RM: You work in a business that’s obsessed with unrealistic standards of beauty. Have you ever been under pressure to change how you look?
KK: Of course, many times. I have thought, “I am not pretty enough” or “My teeth are too big”. I remember going to Hollywood once and this female casting director asked me to come closer to see the wrinkles around my eyes. So it’s just not in Bollywood, it’s world over. But I have grown more confident over the years. I feel more beautiful than I used to.
RM: Tell me, how has #MeToo changed things in the business?
KK: I don’t know how much it has. There seems to be a lot more consciousness when you do a scene today, which is great. But other than that, there hasn’t been that much change. Honestly, I would say that we have forgotten about it.
RM: You’ve been cast in the second season of Sacred Games, a show that got so much love. Does that influence your decision to take up a role?
KK: Yeah for sure, I loved the show. It’s weird, because though one can be a fan, one can’t while doing the show.

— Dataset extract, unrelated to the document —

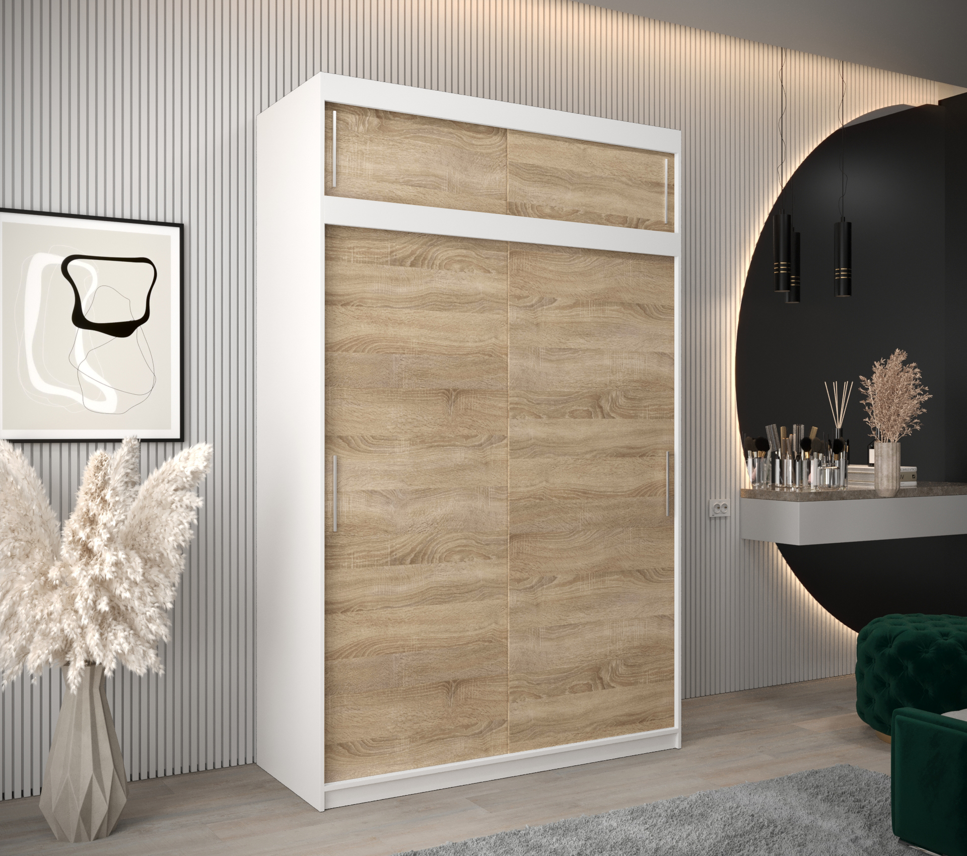 Pokud byste chtěli jiný rozměr, barevnou kombinaci nebo variantu se zrcadlem, na našich stránkách najdete další modely šatních skříní. Skříň lze také doplnit o další součásti ložnice, jako jsou postele a noční stolky, čímž vytvoříte harmonický vzhled vaší ložnice.

RM: What interested you about this character?
KK: This character straddles the past, the present and the future. She comes from a chaotic background and then becomes this ‘shanti’ person who is in an ashram, working with Guruji (Pankaj Tripathi’s character).
RM: What are your next jobs?
KK: Umm, nothing. Nothing that I can talk about. I’m in talks for one film, though.
RM: Does that make you insecure? This is a business where they say you’ve always got to have the next job lined up.
KK: It has been like that in the past, but now I see the pattern. The good jobs are few and far between. Of course, I have a podcast and the theatre going on. And I keep writing. I am also in a very happy place. I have found love and I’m settling in. I do worry about what I’m going to do next. But by the end of this year, if certain things work out, I will be very busy. So okay, let’s enjoy this time walking the dog.
RM: It’s been 10 years since Dev D, which was the turning point for you. Do you feel like Mumbai and this industry is home?
KK: Yeah, I think I do. I have a very close-knit group of friends and community here. There is always a sort of creative buzz around me, which I enjoy. I do hate Bombay many times, like I want to live in the hills or near trees.
RM: How different were you as a person during Dev D?
KK: I was more chaotic, selfish…younger and self-conscious. I was worried about everything—the accent, language, how to act. It’s also where I met Anurag [Kashyap, her ex-husband] and we got close; that whole gang. It’s really nice to have started somewhere like that.
RM: Finally, do you know where you’d like to be five years from now?
KK: I would like to be less stressed about work. My aim is to be less ambitious, and more focused. And, I want babies.
RM: A bunch of them?
KK: Let’s see if I can manage one. This [pointing to her dog Kiara] is practice.